Modulating motor output in the mammalian spinal cord

Project Context and Objectives:

Motor control circuitry of the central nervous system must be flexible so that motor behaviors can be adapted to suit the varying demands of different states, developmental stages, and different environment. Flexibility in motor control is largely provided by neuromodulatory systems which adjust the output of motor circuits by modulating the properties of neurons within them. The spinal circuitry which controls locomotion is subjected to a range of neuromodulatory influences, including some intrinsic to the spinal cord. One such intrinsic neuromodulatory system is the C bouton system. C boutons are large, cholinergic inputs to motor neurons which were first described over 40 years ago. A small cluster of spinal interneurons (V0C) was identified as the sole source of C boutons; a neuron to synapse divergence of 1:1000. We have identified En1 (V1) and Chx10 (V2a) as additional targets of V0C neurons.

The V0C subset represents a modulatory inter¬neuro¬nal system designed to fine-tune motor neuron firing and muscle activation according to the demands of particular locomotor tasks. Genetic inactivation of the cholinergic output of the V0C subset, leads to partial loss of the ability to increase muscle activation in a task dependent manner. Because of the abundance of the C boutons on motor neurons, a more severe phenotype was expected, suggesting i) compensatory mechanisms, ii) the presence of a second neurotransmitter in the synapse or iii) the contribution of other modulatory systems. To overcome compensation we set up a virus based system in order to acutely inactivate or force activate V0C neurons by light and examine the impact on locomotion. The observation that the C bouton synapse persisted after the inactivation of the cholinergic output points to the existence of a second functional neurotransmitter. Indeed, our recent data indicate that the neurotransmitter Cart (cocaine amphetamine regulated transcript) is present in somata and terminals of V0C neurons. Confocal microscopy and the use of Volocity software confirm Cart presence in the presynaptic space. Finally, we consider the V0G subset as a candidate for a “similar function” modulatory system. V0C and V0G, the smallest homogeneous subsets identified so far, share a p0 domain origin, as well as the expression of the transcription factor Pitx2, indicating a possible common function. We are exploring the hypothesis that the two subsets together constitute a modulatory operon for motor control. Analysis of their connectivity revealed that V0C form synapses on V0G somata and proximal processes and vice versa, providing the first evidence of their communication.
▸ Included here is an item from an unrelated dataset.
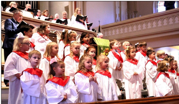
Joyful Noise Choir leading worship.
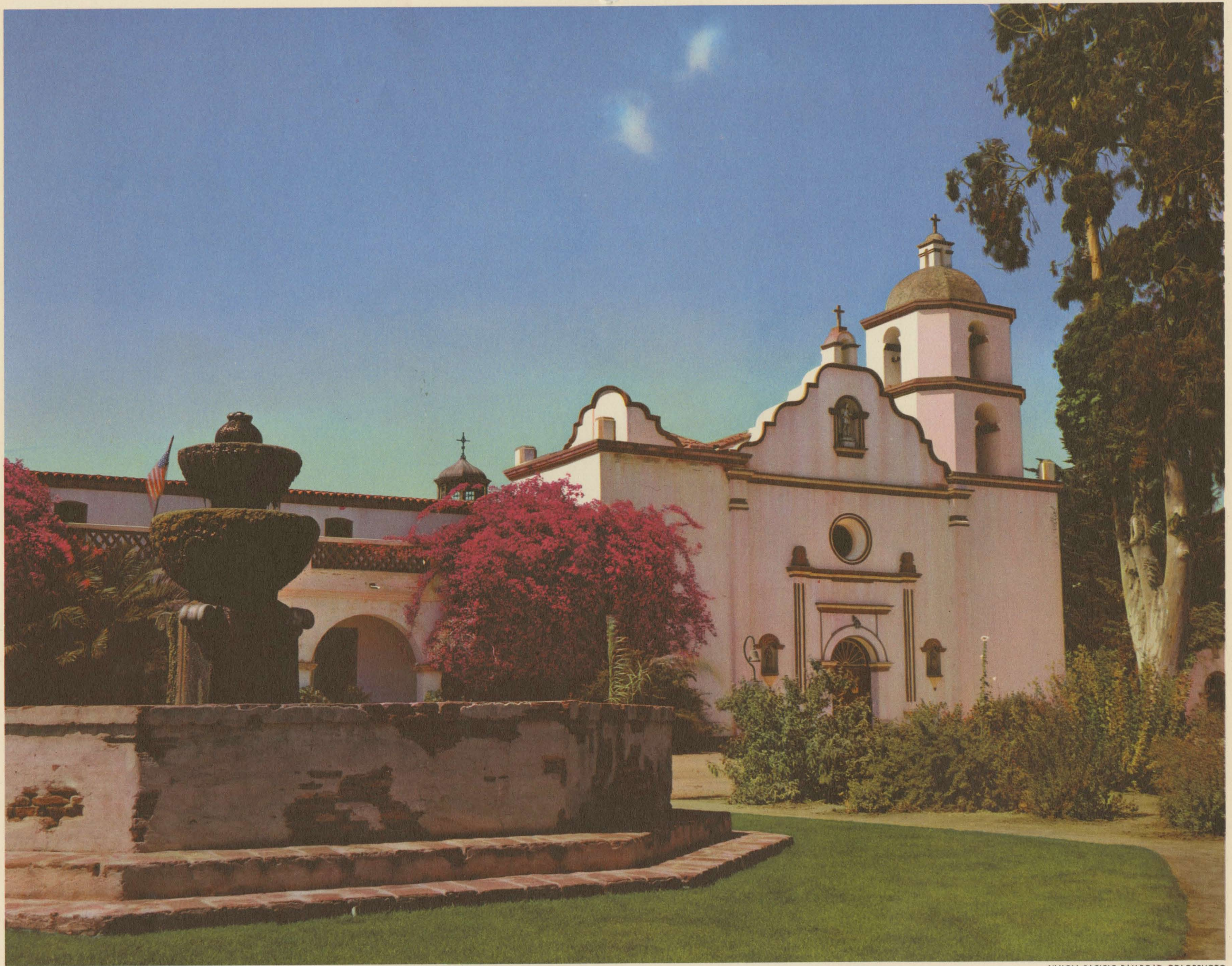
HISTORIC MISSION SAN LUIS REY, FOUR MILES NORTHEAST OF OCEANSIDE, CALIFORNIA

In parallel, we are thoroughly analyzing the anatomy and function of the V0G subset. Motor neurons were already excluded as targets of this particular subset. We have recently found that V0G neurons contact Chx10 (V2a) interneurons and preliminary data suggest that V2a neurons send projections to V0G neurons as well. We are currently analyzing the effects of inactivation of V0G neurons in locomotion.

Understanding organization of this circuit and its role in locomotion may provide far-reaching insights into the logic of neuronal circuit assembly in other regions of the CNS.